DATA:
== Segment start ==
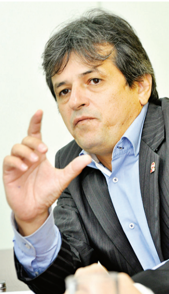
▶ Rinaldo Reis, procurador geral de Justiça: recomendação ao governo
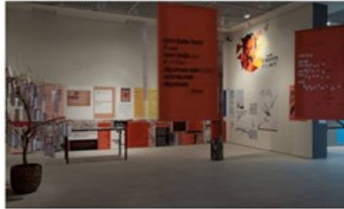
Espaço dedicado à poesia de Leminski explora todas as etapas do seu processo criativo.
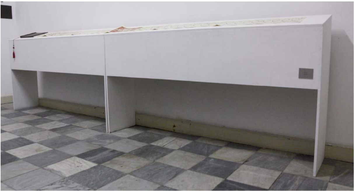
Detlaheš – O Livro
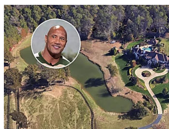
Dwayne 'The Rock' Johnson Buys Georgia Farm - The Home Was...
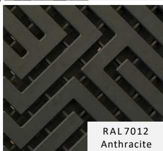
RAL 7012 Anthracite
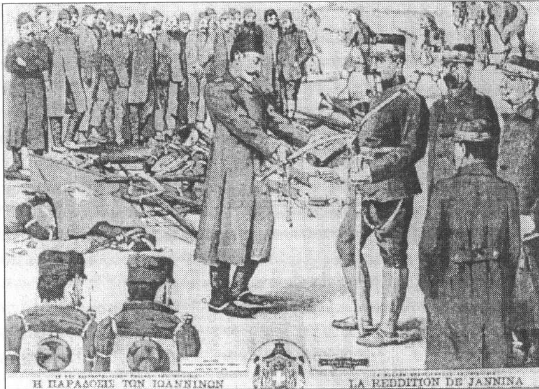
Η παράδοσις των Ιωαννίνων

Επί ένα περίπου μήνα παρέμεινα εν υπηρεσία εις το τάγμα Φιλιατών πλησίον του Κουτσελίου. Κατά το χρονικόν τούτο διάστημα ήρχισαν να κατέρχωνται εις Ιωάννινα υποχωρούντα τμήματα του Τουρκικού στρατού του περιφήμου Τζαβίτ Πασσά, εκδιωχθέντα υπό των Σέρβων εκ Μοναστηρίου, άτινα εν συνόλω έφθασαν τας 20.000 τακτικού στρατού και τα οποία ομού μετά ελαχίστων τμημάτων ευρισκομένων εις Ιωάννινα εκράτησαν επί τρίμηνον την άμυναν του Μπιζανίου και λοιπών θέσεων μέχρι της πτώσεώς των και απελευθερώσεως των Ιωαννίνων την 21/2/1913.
== Segment end ==
== Segment start ==
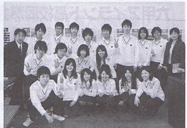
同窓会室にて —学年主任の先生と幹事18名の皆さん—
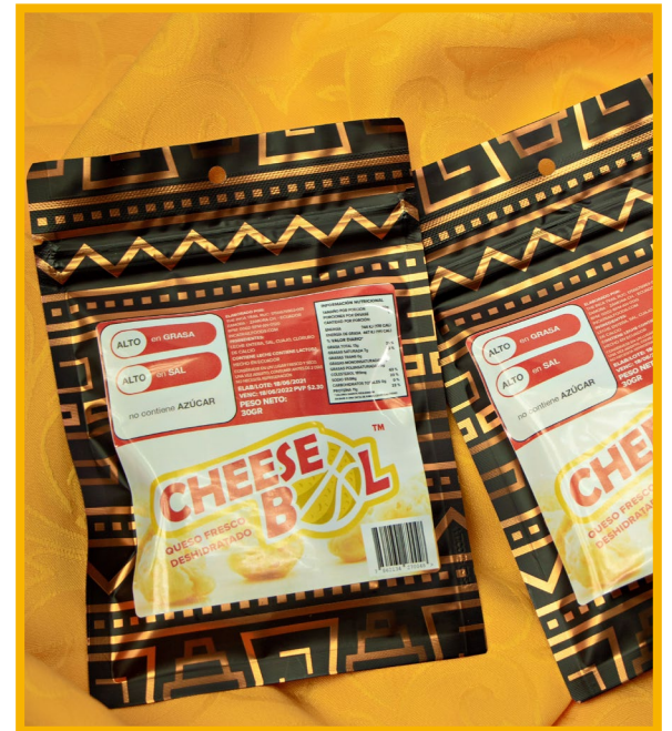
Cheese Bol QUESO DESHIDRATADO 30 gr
== Segment end ==
ASSIGNED TASK: Transcribe, word for word, the stretch of lines in the data above from the one with "recomendação ao governo" through the one with "Επί ένα περίπου"; omit all pictures.

ANSWER BOX:
▶ Rinaldo Reis, procurador geral de Justiça: recomendação ao governo
Espaço dedicado à poesia de Leminski explora todas as etapas do seu processo criativo.
Detlaheš – O Livro
Dwayne 'The Rock' Johnson Buys Georgia Farm - The Home Was...
RAL 7012 Anthracite
Η παράδοσις των Ιωαννίνων

Επί ένα περίπου μήνα παρέμεινα εν υπηρεσία εις το τάγμα Φιλιατών πλησίον του Κουτσελίου. Κατά το χρονικόν τούτο διάστημα ήρχισαν να κατέρχωνται εις Ιωάννινα υποχωρούντα τμήματα του Τουρκικού στρατού του περιφήμου Τζαβίτ Πασσά, εκδιωχθέντα υπό των Σέρβων εκ Μοναστηρίου, άτινα εν συνόλω έφθασαν τας 20.000 τακτικού στρατού και τα οποία ομού μετά ελαχίστων τμημάτων ευρισκομένων εις Ιωάννινα εκράτησαν επί τρίμηνον την άμυναν του Μπιζανίου και λοιπών θέσεων μέχρι της πτώσεώς των και απελευθερώσεως των Ιωαννίνων την 21/2/1913.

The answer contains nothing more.